|People look at trading boards at a private stock market gallery in Kuala Lumpur, Malaysia May 14, 2018. Photo: Reuters|
Singapore shares snapped two straight sessions of gains on Wednesday with financials leading the decline, while Vietnam stocks slumped 2 percent to an eight-month closing trough.
Broader investor sentiment was low as U.S. threats of tariffs on an additional $200 billion worth of Chinese goods pushed the world's two biggest economies ever closer to a full-scale trade war.
Singapore's FTSE Straits Times Index closed 0.8 percent lower, with Oversea-Chinese Banking Corp and DBS Group Holdings shedding 2 percent and 1.1 percent, respectively.

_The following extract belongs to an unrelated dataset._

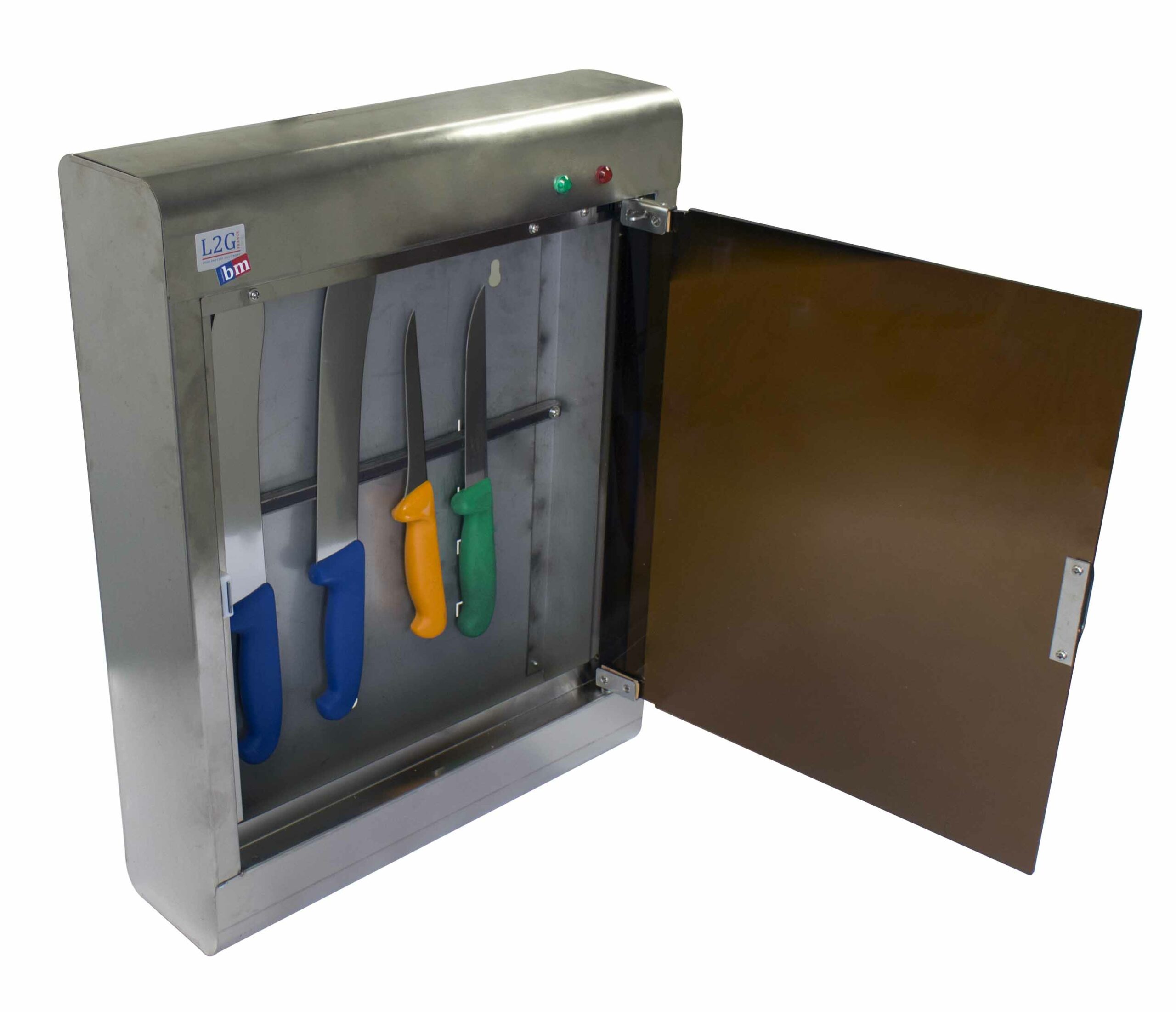 ARMOIRE INOX A STERILISER A AIMANT AVEC TUBE UV 8W STOCKAGE 10 COUTEAUX, PORTE PLEXI, MINUTERIE

"If overall regional and China-centric trade flows decline, the Singapore economy will likely take a hit due to its dependence on trade and manufacturing activities," OCBC Bank said in a note.
Vietnam shares extended losses into a third session with financial services provider Vietcombank closing 3.6 percent lower.
Thai shares snapped three consecutive sessions of gains and closed 0.4 percent lower. PTT Public Co fell 0.5 percent and Airports of Thailand dropped 1.2 percent.
Philippine shares rose 1.4 percent to a one-week closing high with industrials at the helm.
"Despite Philippine's trade exposure to China and U.S. being relatively high, given that a majority of the country's growth is fuelled by domestic consumption, it is less susceptible to trade fluctuations as compared to other ASEAN countries," OCBC Bank added.
SM Investments climbed 4.2 percent, while Ayala Land gained 2.1 percent.
Malaysian shares erased early losses to close marginally higher.
Earlier in the day, the central bank kept its key interest rate at 3.25 percent at its first policy meeting under the newly appointed central bank governor.
Indonesian shares closed 0.2 percent higher with Astra International being the biggest boost.